» **Problem details**
When writing out the entries below, keep only the lines from the line with "海参崴是因为4月的时候有个姐" to the line with "The document proposes", both included, exactly as they are, and leave the pictures aside.

» **Supplied material**
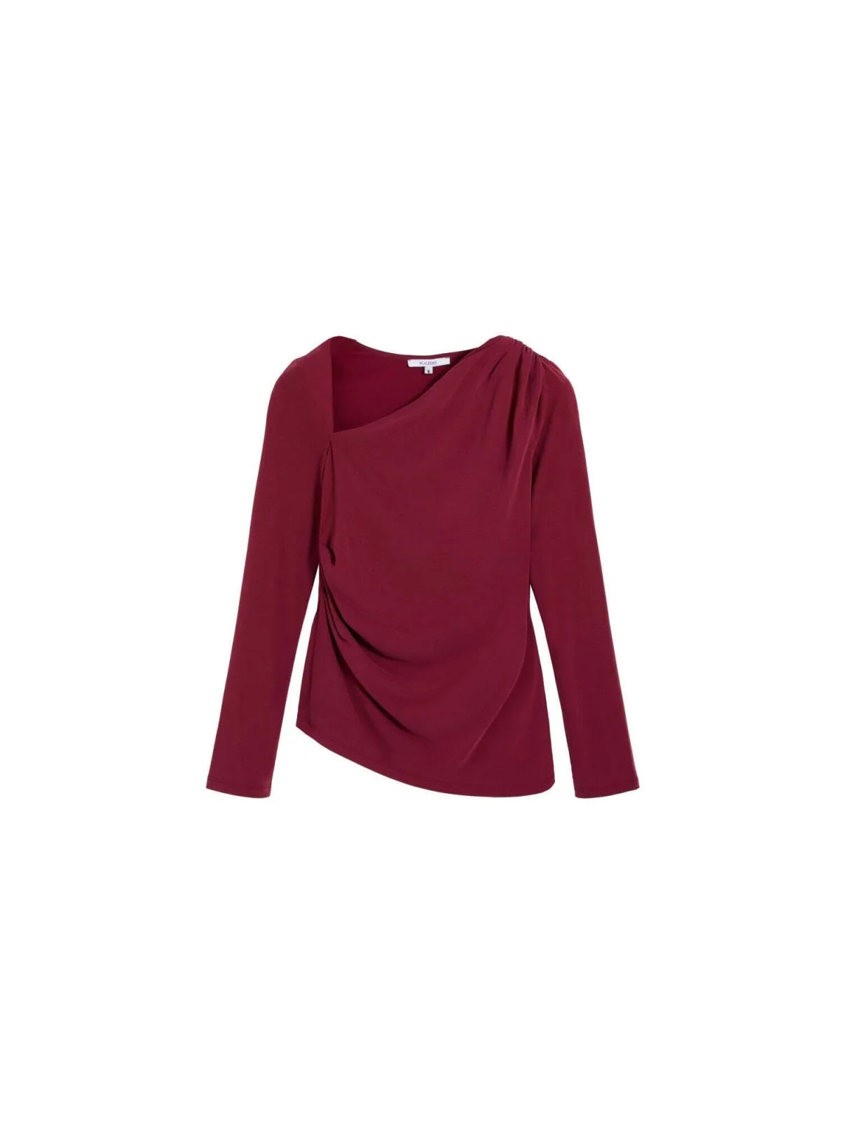Design: Ronde zoom; Materiaal: Jersey; Motief: Effen; Details: Cut-outs, Gedrapeerd; Extra's: Op staal naden; Pasvorm: Normale pasvorm; Armlengte: Lange mouw; Lengte: Normale lengte
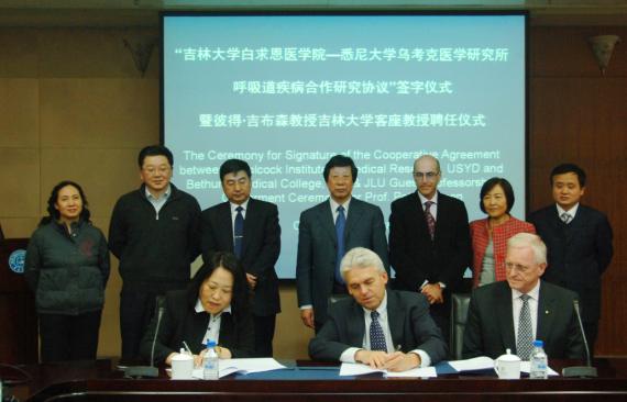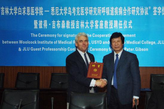 3月3日,Beat365中文官方网站白求恩医学院与悉尼大学乌考克医学研究所呼吸道疾病合作研究正式签署协议,Beat365常务副校长李玉林同时为国际知名呼吸病学专家彼得·吉布森教授颁发Beat365中文官方网站客座教授聘书,并佩戴Beat365中文官方网站校徽。
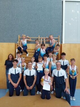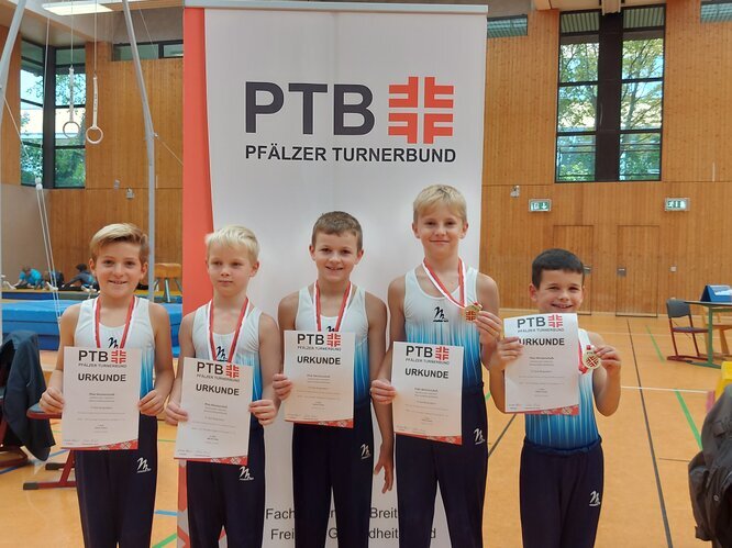 In Edenkoben trafen sich am 5.10. die Jungen des Pfälzer Turnerbundes für ihre Mannschaftsmeisterschaften. Bergzabern war mit 3 Teams vertreten: den 9-Jährigen im Pflichtbereich, der 13-Jahre-Nachwuchs und die Leistungsmannschaft (offene Klasse) im Kürbereich. Alle 3 Teams hatten vor einigen Wochen in Bergzabern im Gaubereich gewonnen, deshalb natürlich auch hohe Erwartungen. Schließlich ging es ja auch um die Qualifikation für das RLP-Finale, in diesem Jahr in Bergzabern(2.11.). Und da möchte man dabei sein. Die Jüngsten machten kaum Fehler, jedes Gerät wurde gewonnen, und am Ende konnten die Fünf nicht nur den Titel eines Pfalzmeisters mitnehmen, sondern auch die Quali für die nächste Runde. Für die Trainer eine positive Perspektive für die Zukunft.
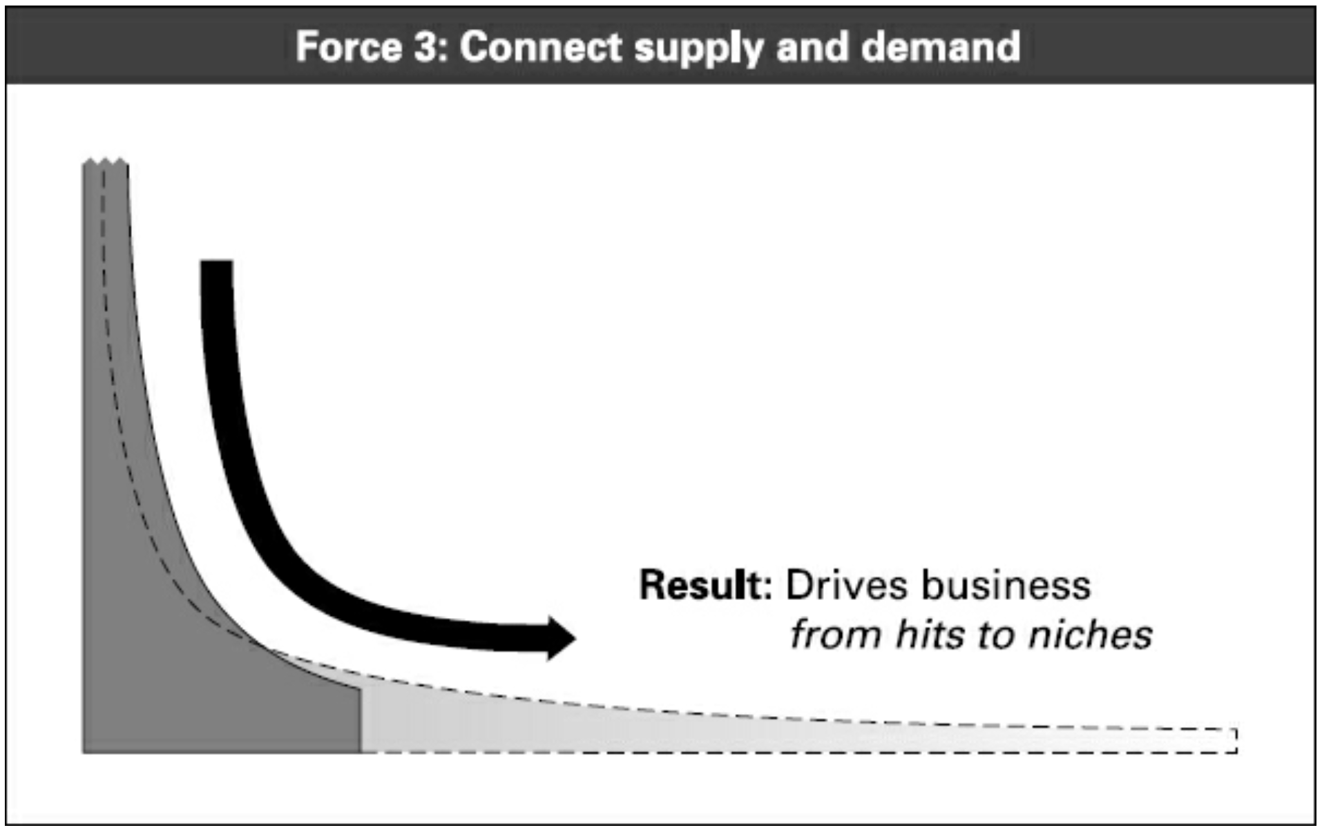 - The reduction of search costs: Software and online platforms help users find the niche content that suits their specific preferences. This, according to Anderson, happens thanks to "Google’s wisdom-of-crowds search" and "iTunes' recommendations" as well as "word-of-mouth" recommendations on "blogs" and online reviews.
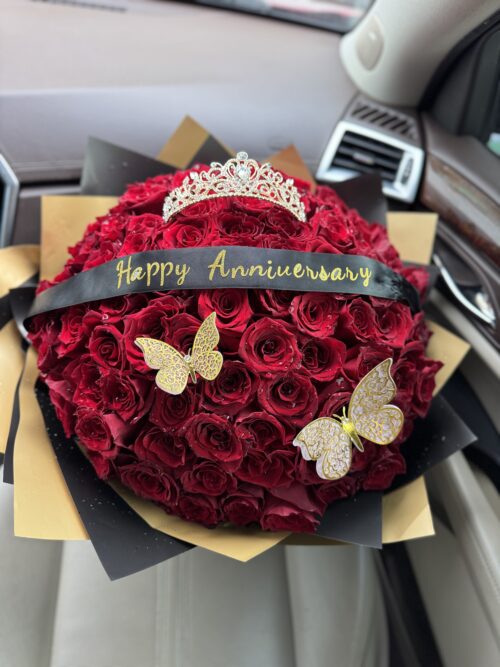 $300.00Original price was: $300.00.$270.00Current price is: $270.00.Happy Anniversary Bouquet of 100 red roses with a decorative wreath and cellophane paper -
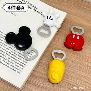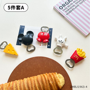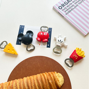 ミッキーボトルオープナーフライドポテトバーガー家庭用多機能クリエイティブ磁気ビールオープナーかわいい漫画キーホルダー
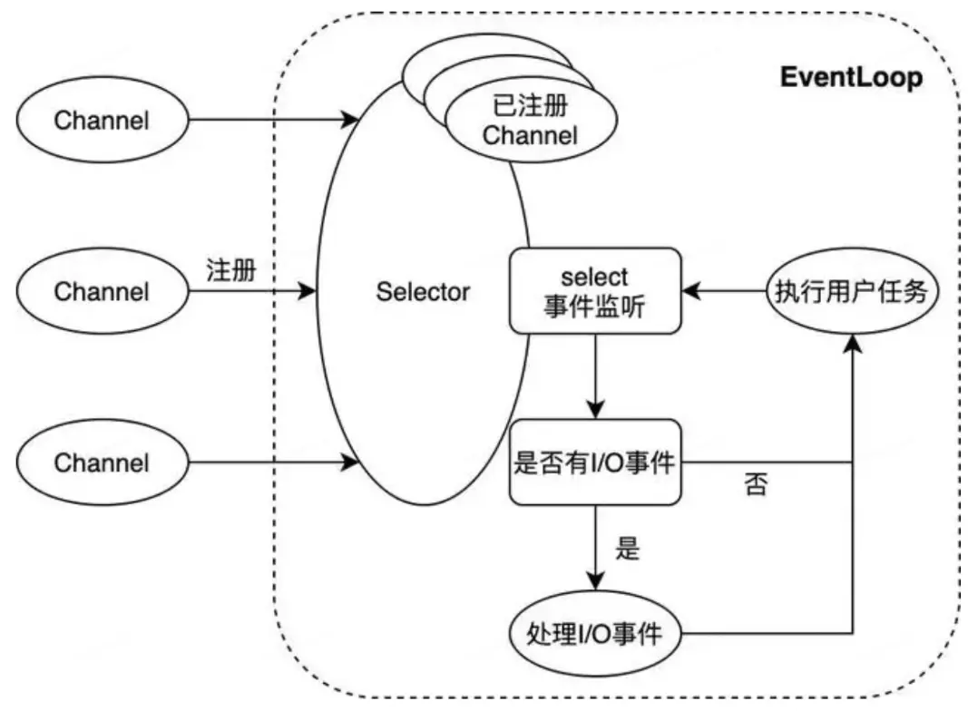 上圖展示了Netty NIO的核心邏輯。NIO通常被理解為non-blocking I/O的縮寫,表示非阻塞I/O操作。圖中Channel表示一個連接通道,用於承載連接管理及讀寫操作;EventLoop則是事件處理的核心抽象。一個EventLoop可以服務於多個Channel,但它只會與單一線程綁定。EventLoop中所有I/O事件和用户任務的處理都在該線程上進行;其中除了選擇器Selector的事件監聽動作外,對連接通道的讀寫操作均以非阻塞的方式進行 —— 這是NIO與BIO(blocking I/O,即阻塞式I/O)的重要區別,也是NIO模式性能優異的原因。
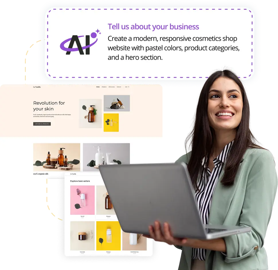 After asking you just a few simple questions, the AI generates a website tailored to your business. Every step is guided, so creating your site is easy, intuitive and stress-free - even if you’ve never built a website before.
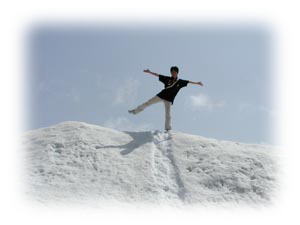 峠の駐車場付近はまだ数mの積雪が残っている。しかも、地元の人には珍しくも何ともない(というか邪魔くさかった)雪ゆえに、ほとんど誰も足を踏み入れた形跡がない。しかも場所によっては適度な急斜面があり、雪遊びにはもってこい。となればTakema夫婦がそのまま何もしないはずがないわけで、まるで「お約束」のように遊びに行くことに。ま、こればっかりは年齢なんて関係なしの楽しみですな。
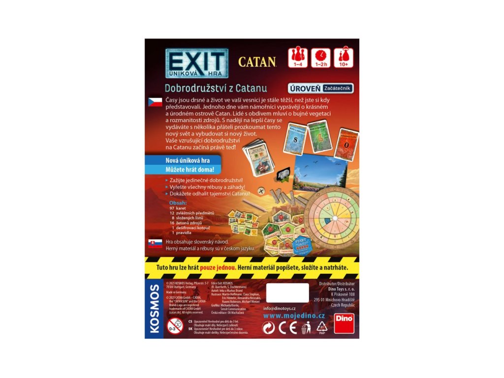 Napínavá úniková hra EXIT. Život je stále těžší, ale od námořníka se dozvíte o úrodném a krásném ostrově Katan. Vydáte se tedy se svými přáteli hledat lepší život. Jaká dobrodružství vás tam čekají? Věk: 10+Doplňkové parametry
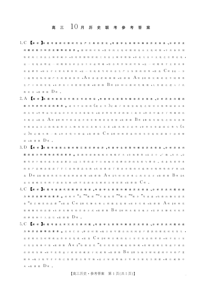 福建省2026届高三上学期10月联考 历史答案.pdf
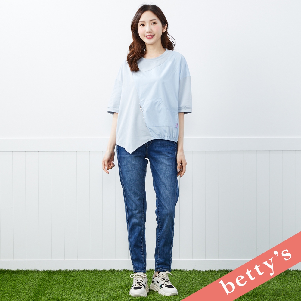 betty’s貝蒂思(41)裝飾拉鍊口袋不對稱拼接T-shirt(淺藍)淺藍,FT-shirtsbetty’s貝蒂思
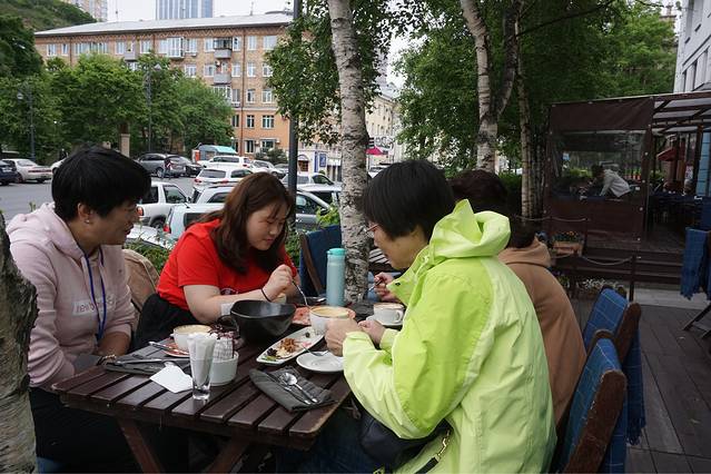 海参崴是因为4月的时候有个姐姐全家去了,羽绒服啥的全副武装,但是看着吃帝王蟹很爽,一个海军军事基地的感觉。后来在网站上看到了别人家的游记,三四天,三四千就可以去一趟,就心动了,很奇怪端午的行程总是定不下来,看着大家都有别的安排的,就赶紧定了海参崴的跟团游,团费才2500,然后再穷游上Biu了个驴友就是LM,发现志同道合就约好了一起报团去了。后面发现,我们俩都有比较强的自助游能力,她留学过英语好,也善于沟通,我方向感好,也比较有服务精神,两人还都喜欢四处玩,玩的节奏也是懒散的,配合默契,就演变成后来的带团了。
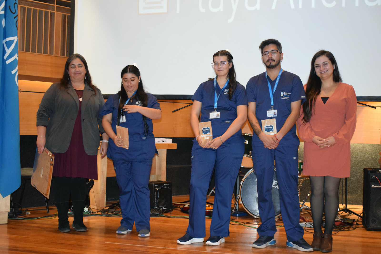 Tras estas palabras, las académicas Gloria López Coloma, Dominique Perrot Tabilo , Loreto Páez Alliendes y Mariana Merino, hicieron entrega de manera simbólica de la credencial que los y las acredita como estudiantes investidos e investidas.
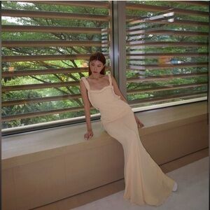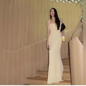 ❌SOLD❌H&M Studio Collection TWIST-DETAIL CRINKLED DRESS in Pastel Yellow
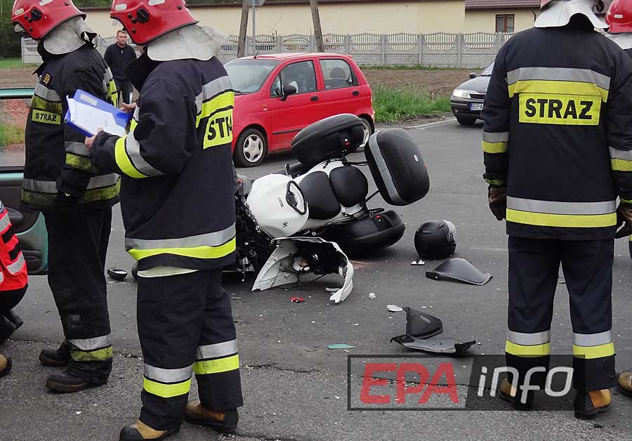 Ranny motocyklista został zabrany do szpitala. Wjechał w bok Fiata Seicento.
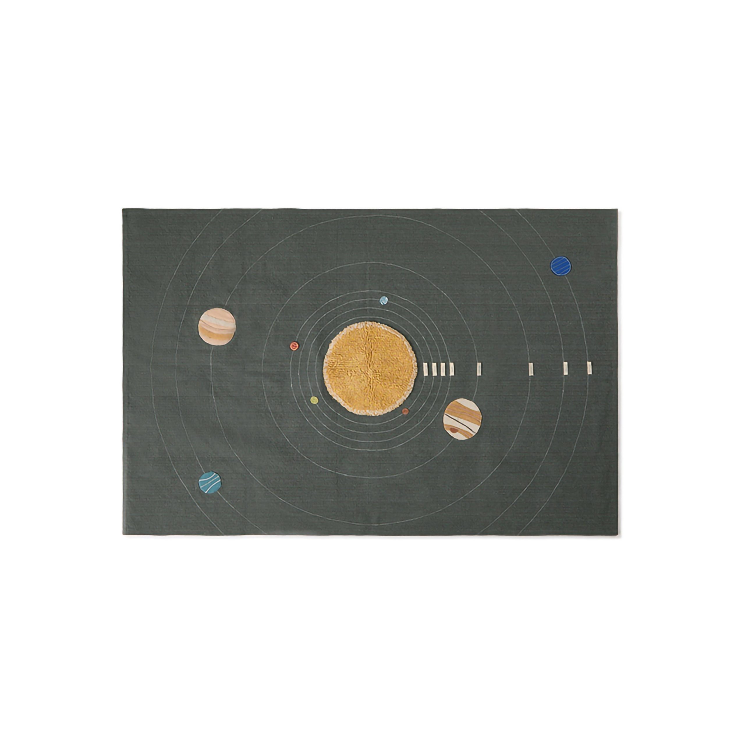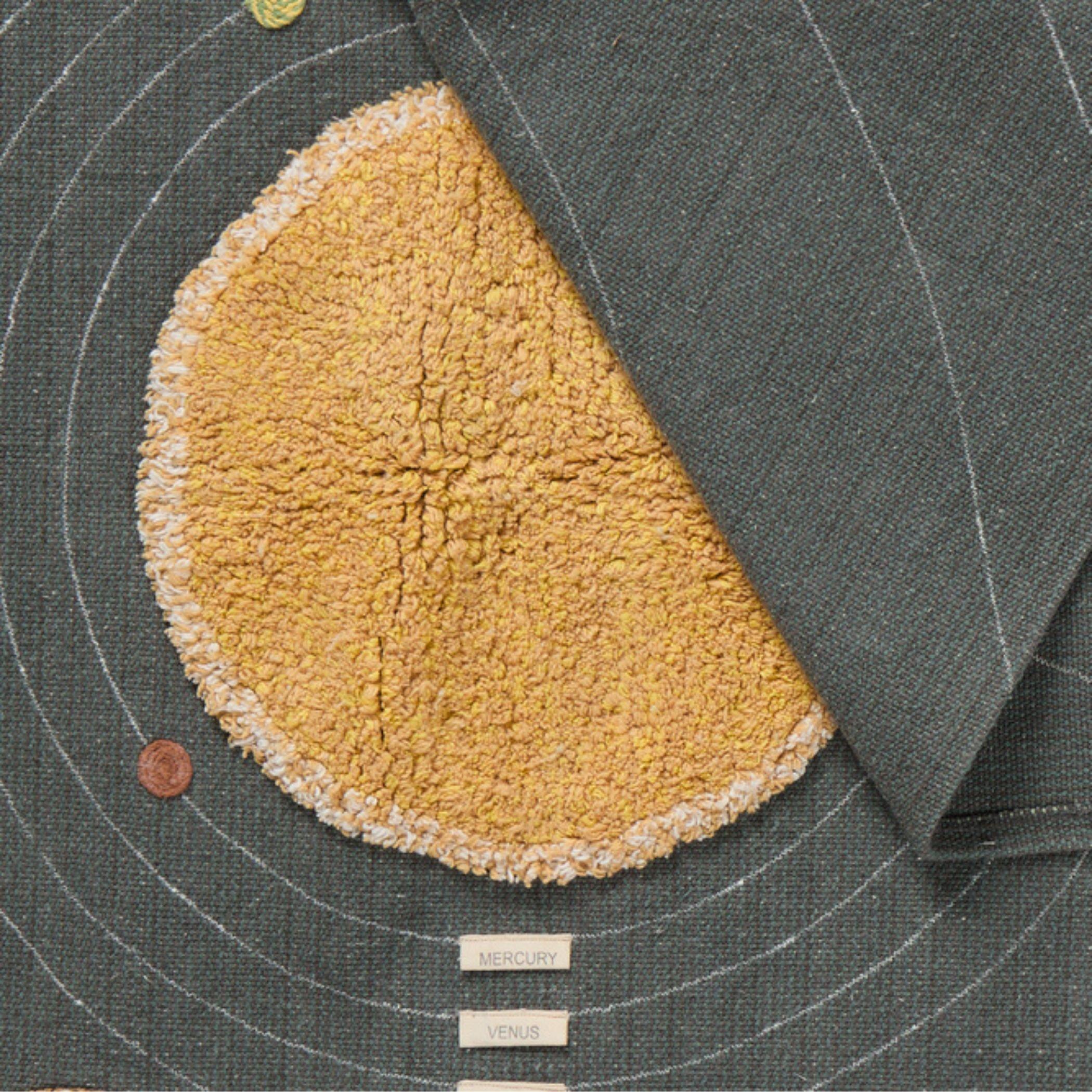 At its center lies a tufted yellow sun, surrounded by stitched orbits and planets in a spectrum of colors. Each planet is uniquely crafted using techniques such as yarn stitching, tufting, and careful handcrafting of larger planets using different canvas bases, cords, and yarn embroideries.
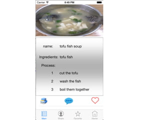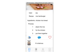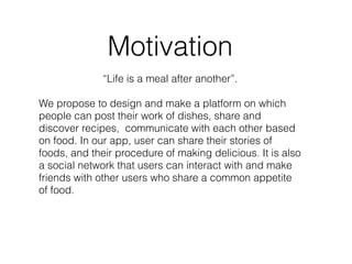 The document proposes a social media platform called Delicious for sharing recipes and discovering new recipes. The platform would allow users to post pictures and step-by-step instructions of dishes they created, share the ingredients needed, and interact with other users by friending them, liking recipes, commenting on recipes, and finding nearby users to cook with. The goals are to create a place for recipe sharing, recipe discovering through search features, and social interaction between users with similar food interests.
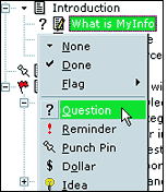 Das Tool hat eine leicht zu bedienende Benutzeroberfläche. Die einzelnen Funktionen und Verwendungsmöglichkeiten lassen sich in dem kurzen "Beginner's tutorial" und der Hilfedatei schnell nachschlagen. Durch die Baumstruktur lassen sich die gesammelten Ideen leicht überblicken. Um sich in seinen Gedanken-Splittern noch besser zurecht zufinden, kann man den Einträgen verschiedene Icons zuordnen. Offene Fragen werden mit einem Fragezeichen markiert, wichtige Punkte mit einem Ausrufungszeichen und Ideen mit einer Glühbirne. Hat man etwas erledigt, bekommt die Notiz ein Häkchen.
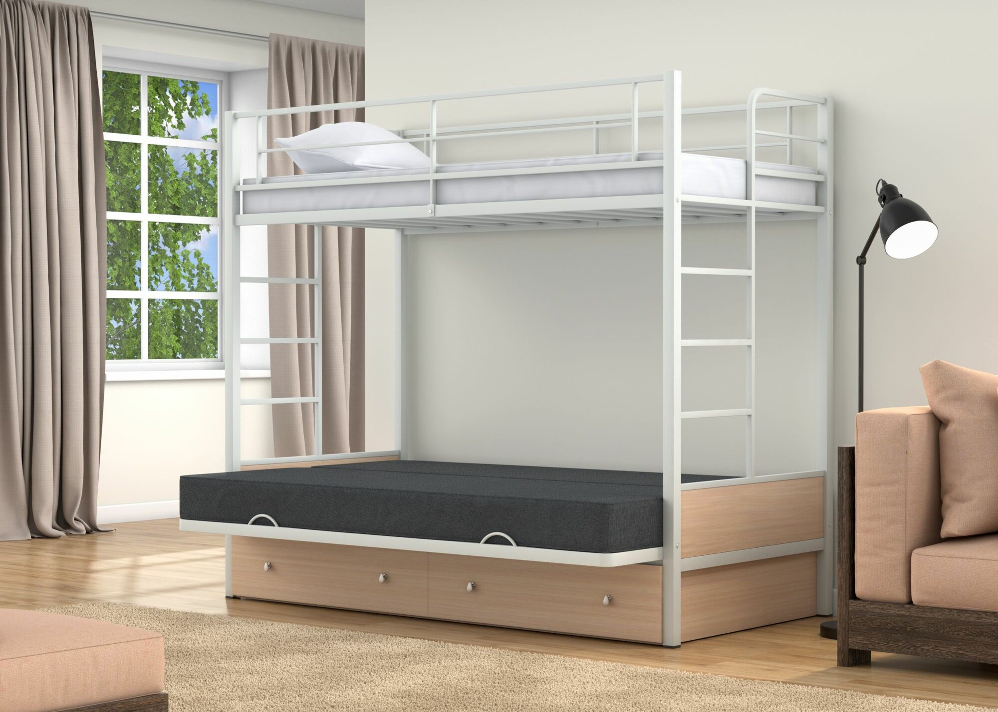Двухъярусная кровать-диван Дакар 1 Белый ящики Дуб крафт белый

» **Output for this exercise**
 海参崴是因为4月的时候有个姐姐全家去了,羽绒服啥的全副武装,但是看着吃帝王蟹很爽,一个海军军事基地的感觉。后来在网站上看到了别人家的游记,三四天,三四千就可以去一趟,就心动了,很奇怪端午的行程总是定不下来,看着大家都有别的安排的,就赶紧定了海参崴的跟团游,团费才2500,然后再穷游上Biu了个驴友就是LM,发现志同道合就约好了一起报团去了。后面发现,我们俩都有比较强的自助游能力,她留学过英语好,也善于沟通,我方向感好,也比较有服务精神,两人还都喜欢四处玩,玩的节奏也是懒散的,配合默契,就演变成后来的带团了。
 Tras estas palabras, las académicas Gloria López Coloma, Dominique Perrot Tabilo , Loreto Páez Alliendes y Mariana Merino, hicieron entrega de manera simbólica de la credencial que los y las acredita como estudiantes investidos e investidas.
 ❌SOLD❌H&M Studio Collection TWIST-DETAIL CRINKLED DRESS in Pastel Yellow
 Ranny motocyklista został zabrany do szpitala. Wjechał w bok Fiata Seicento.
 At its center lies a tufted yellow sun, surrounded by stitched orbits and planets in a spectrum of colors. Each planet is uniquely crafted using techniques such as yarn stitching, tufting, and careful handcrafting of larger planets using different canvas bases, cords, and yarn embroideries.
 The document proposes a social media platform called Delicious for sharing recipes and discovering new recipes. The platform would allow users to post pictures and step-by-step instructions of dishes they created, share the ingredients needed, and interact with other users by friending them, liking recipes, commenting on recipes, and finding nearby users to cook with. The goals are to create a place for recipe sharing, recipe discovering through search features, and social interaction between users with similar food interests.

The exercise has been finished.